------ The data

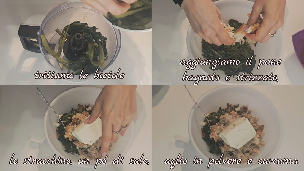 Tout d’abord, nous devons nettoyer et cuire les bettes puis peser 500 g et les hacher avec le mixeur. Nous les transférons dans un récipient et ajoutons le pain mouillé et bien essoré, le stracchino, un peu de sel, de l’ail en poudre et du curcuma.
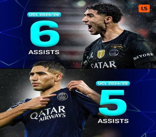 新成就,阿什拉夫成歐冠歷史首位連續(xù)兩個賽季助攻5+的后衛(wèi)
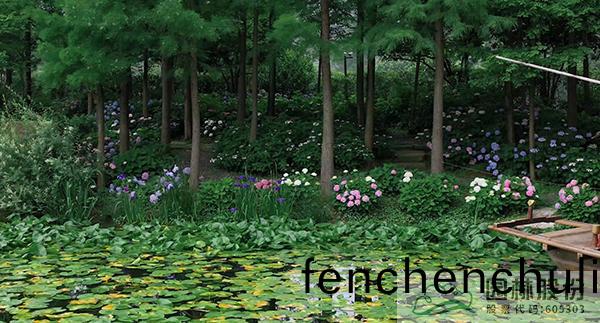 青山湖(hu)蘤(hua)園中心,池塘對麵大(da)片(pian)的(de)水杉林(lin),
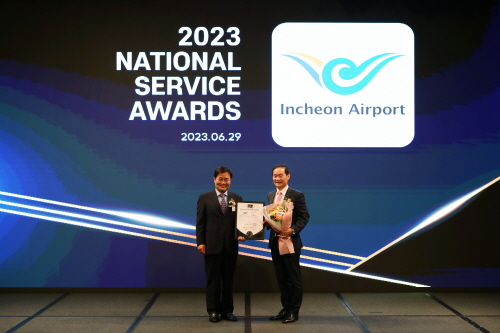 인천국제공항공사는 29일 오전 서울 소재 JW메리어트 동대문 스퀘어 호텔에서 산업정책연구원 주관으로 개최된 '2023 국가서비스대상' 시상식에서 공항 물류 부문 대상을 2년 연속 수상했다고 밝혔다.
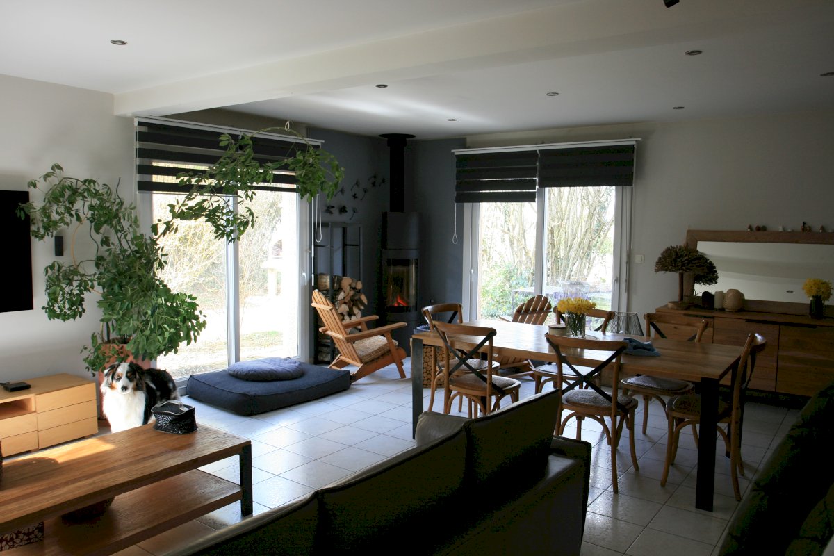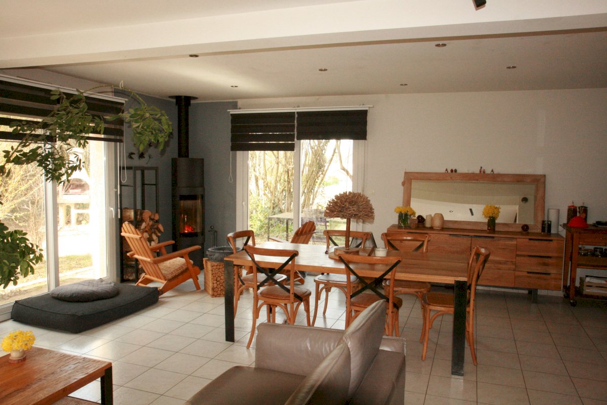 * Cuisine ouverte sur salon / salle à manger équipée d'un poêle à bois orientable (HARRY LANDERS)

------------

- _What this task involves_
The output consists of exactly the lines from the one containing "인천국제공항공사는 29일 오전" through the last line of the listing, both included, with no pictures.

- _Exercise response_
 인천국제공항공사는 29일 오전 서울 소재 JW메리어트 동대문 스퀘어 호텔에서 산업정책연구원 주관으로 개최된 '2023 국가서비스대상' 시상식에서 공항 물류 부문 대상을 2년 연속 수상했다고 밝혔다.
 * Cuisine ouverte sur salon / salle à manger équipée d'un poêle à bois orientable (HARRY LANDERS)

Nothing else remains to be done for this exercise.